On Sunday, Anton Herashchenko, an adviser to Ukraine’s interior minister, said Russia had used Iskander missile systems to attack Zhytomyr International Airport. The airstrikes were conducted from Belarus using Russian ballistic missile launchers, Herashchenko said in a statement on Facebook.

Tensions escalated further on Sunday when Russian President Vladimir Putin ordered the nation’s nuclear deterrent forces to be put on high alert, raising fears that the invasion of Ukraine could lead to nuclear war.

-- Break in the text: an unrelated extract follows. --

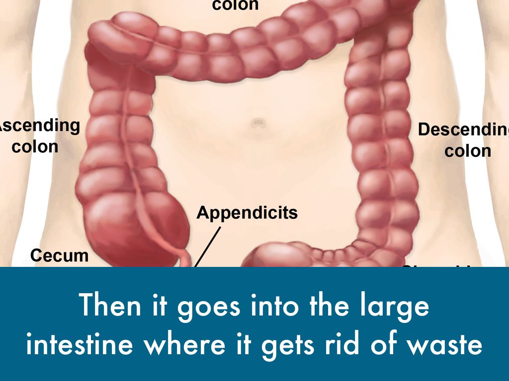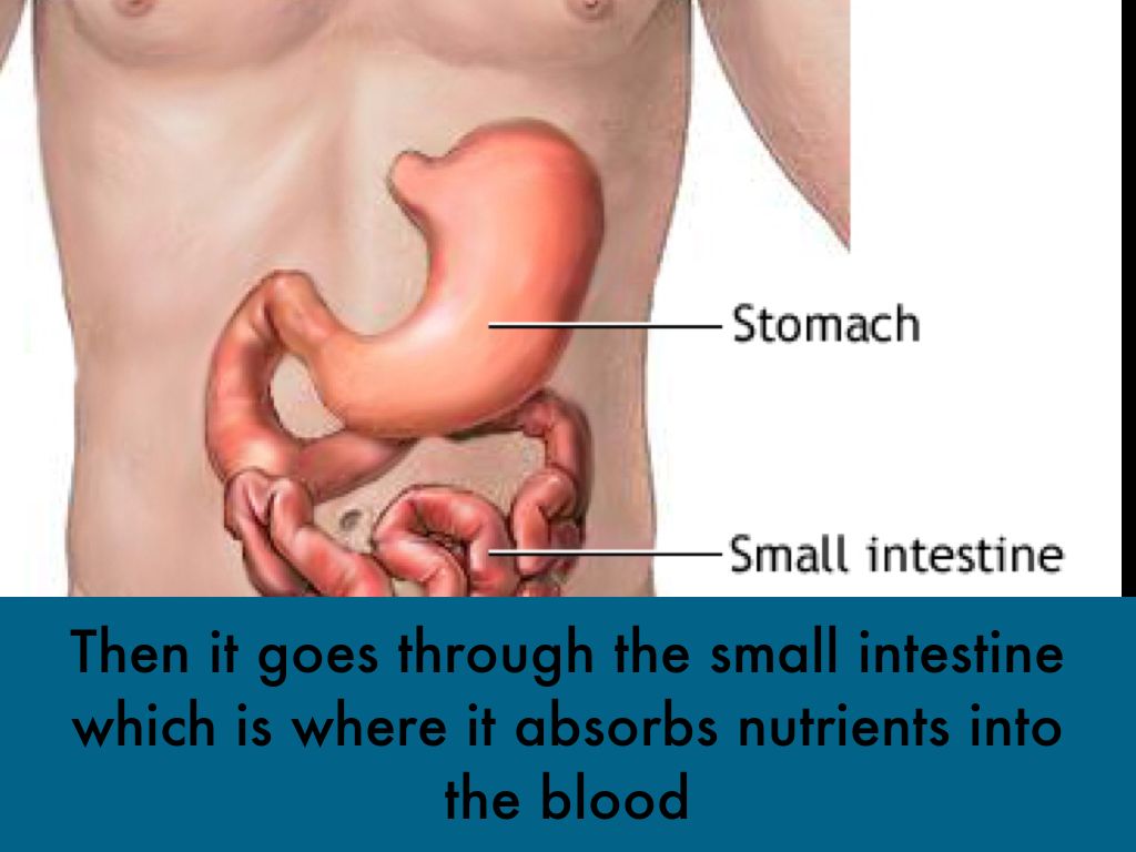 Then it goes through the small intestine which is where it absorbs nutrients into the blood

Putin cited “aggressive statements” made by NATO countries toward Russia and tough economic sanctions.

White House Press Secretary Jen Psaki said Putin’s move was part of a “pattern” of “manufacturing threats that don’t exist.”

“This is really a pattern that we’ve seen from President Putin through the course of this conflict, which is manufacturing threats that don’t exist in order to justify further aggression,” Psaki said on ABC’s This Week. “And the global community and the American people should look at it through that prism.”

Meanwhile, it was reported on Sunday that Belarus will allow Russia to place nuclear missiles in the country following a referendum, in a reversal of policy that could see nuclear weapons on Belarusian territory for the first time since the country gave them up after the fall of the Soviet Union.

Lukashenko said he could ask Russia to return nuclear weapons to Belarus, Reuters reported.

“If you (the West) transfer nuclear weapons to Poland or Lithuania, to our borders, then I will turn to Putin to return the nuclear weapons that I gave away without any conditions,” he said.